When you collaborate, you are working together to help each other get what is most important to you. The other upside to negotiating with a sense of teamwork and collaboration is that it helps create a sense of trust, which, in turn, helps provide positive energy for working to a successful conclusion.

5. Problem Solving

Problem-solving is another key negotiation skill. When you are working with the other person to get the deal done many times you’ll face new challenges along the way.

Maybe you want a new vendor to provide training on the software they are selling you but they say it’s going to cost an additional $20,000 to provide this service. If you don’t have the additional $20,000 in the budget to spend on the software but you feel the training is critical, how are you going to solve that problem?

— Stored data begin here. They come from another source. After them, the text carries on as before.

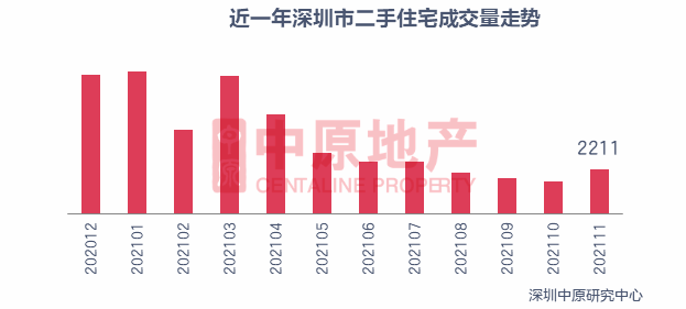 唐人联盟唐天胜据深圳中原研究中心最新数据显示, 11月,深圳二手住宅成交量突破2000套,达到2211套,超过10月份1605套的成交数据,结束七连跌。新房住宅成交超过5000套,环比增长了近20%。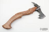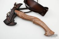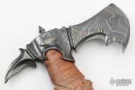 This Battle Hawk by the Sobral Brothers features a Damascus blade head with spike at the rear, gold inlaid engraving, Damascus cap and spike on top, 8" from blade to spike. The handle is a piece of beautifully contoured curly maple. Comes with an equally spectacular hand tooled leather sheath with shoulder rig. Comes with a zippered case. New from maker at the 2022 Blade Show.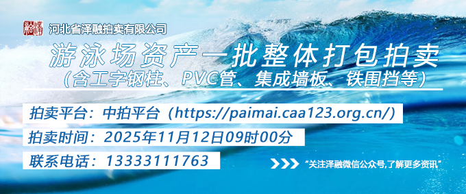 • [拍賣公告]游泳場資產一批(含工字鋼柱、PVC管、集成墻板、鐵圍擋等)整體打包拍賣20251112 2025-11-04

From what I’ve seen, most vendors aren’t willing to provide additional services without getting paid for them. This is where problem-solving skills will help continue the discussions. You might suggest to the vendor that your company will also be looking to replace their financial software next year, and you’d be happy to ensure they get one of the first seats at the table when the time comes if they could perhaps lower the pricing on their training.

There’s a solution to most challenges, but it takes problem-solving skills to work through them effectively.

6. Decision-Making Ability

Finally, having strong decision-making ability will help you seal the deal when you get to a place where everyone feels like they are getting what works for them. Each step of the way you can cross off the list when you get what you are looking for and decide to move onto the next item. Then, once you have all of your must-have boxes checked and the other side feels good about things, it’s time to shake hands and sign on the dotted line. Powerful decision-making ability will help you get to the finish line together.

Conclusion

There you have it, 6 effective negotiation skills to master to lead a more fulfilling life. Once we realize that we negotiate in one form or another almost every day in every phase of our lives, we realize how critical a skill it is.

Possessing strong negotiation skills will help you in nearly every one of your relationships at both the workplace and in your personal life. If you feel your arbitration tools could use some sharpening, try some of the 6 effective negotiation skills to master that we’ve talked about.